Aside from computing Gröbner bases CoCoA's particular strengths
include polynomial factorization, exact linear algebra,
Hilbert functions, toric ideals, and ideals of zero-dimensional schemes.

Aside from the normal development, a number of more specific plans are
afoot to improve and extend CoCoA: the choice of coefficients is to
be widened to handle parameters and finite algebraic extensions; and
the new mathematical core is already freely available as a GPL
software library written in C++, CoCoALib, facilitating integration
into other systems.

CoCoA works with multivariate polynomials over the fields of
modular integers or rational numbers (exact rationals, not floating
point numbers). Naturally, basic arithmetic operations are provided
together with more advanced operations such as GCD, composition, and
factorization.
The default ring environment is Q[x,y,z], but one may declare and
activate another polynomial ring (via the command Use). Data
may be transferred from one ring to another by defining and applying a
k-algebra homomorphism (via the command Image).

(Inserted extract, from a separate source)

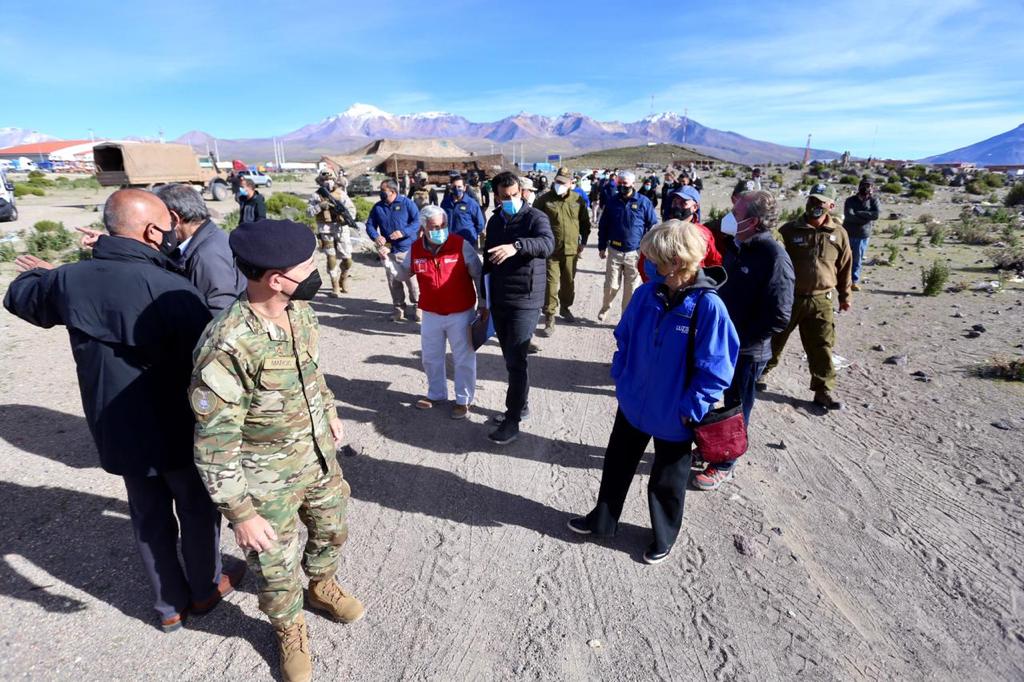 A las 9 de la mañana comenzó la agenda del ministro del Interior, Rodrigo Delgado, acompañado por sus pares de Relaciones Exteriores, Andrés Allamand, y de Defensa, Baldo Prokurica, en la localidad fronteriza de Colchane, en medio de la crisis migratoria desatada en la frontera con Bolivia, con la entrada masiva de inmigrantes ilegales principalmente de origen venezolano.

Gröbner bases and Orderings

The key tool for effective computations in Commutative Algebra is the
concept of Gröbner Basis. Almost every ideal and module theoretic
operation is realized via some Gröbner Basis computations: these
are effected by Buchberger's Algorithm whose worst-case
complexity is quite high (in fact, doubly exponential in the number of
variables). Therefore an efficient implementation of the Buchberger's
Algorithm is the heart of any Commutative Algebra System.
To perform Gröbner basis computations it is necessary to specify a
term-ordering, i.e. a total ordering which is compatible
with multiplication, and such that each indeterminate is bigger than 1.
Such orderings are characterized by suitable matrices.
Different orderings may lead to different Gröbner bases
for the same ideal with quite different computational costs (in space
and time).
CoCoA offers some pre-defined orderings and the ability to specify
any matrix-defined term-ordering.

Ideal and module operations

Among the types implemented in CoCoA there are ideals and
submodules of a free finitely generated module over
a polynomial ring. Basic operations on these objects
are performed via Gröbner basis computations (e.g. intersection,
elimination and saturation, radical membership, free
resolution of ideals or modules).

Extensive information about the CoCoA system and its
associated research
is available at the web site
http://cocoa.dima.unige.it. You may freely download
executable and documentation. You can also find a full list
of the platforms on which
CoCoA runs with instructions for installation, and information
regarding the system and associated research.
The CoCoA kernel is written in C (about 70,000 lines). It runs
on Linux, MacOS X, Microsoft Windows, and other platforms.
The accompanying library of packages, comprising around
17,000 lines of CoCoA language code, adds advanced capabilities
in other areas
such as statistics, integer programming, and invariant theory.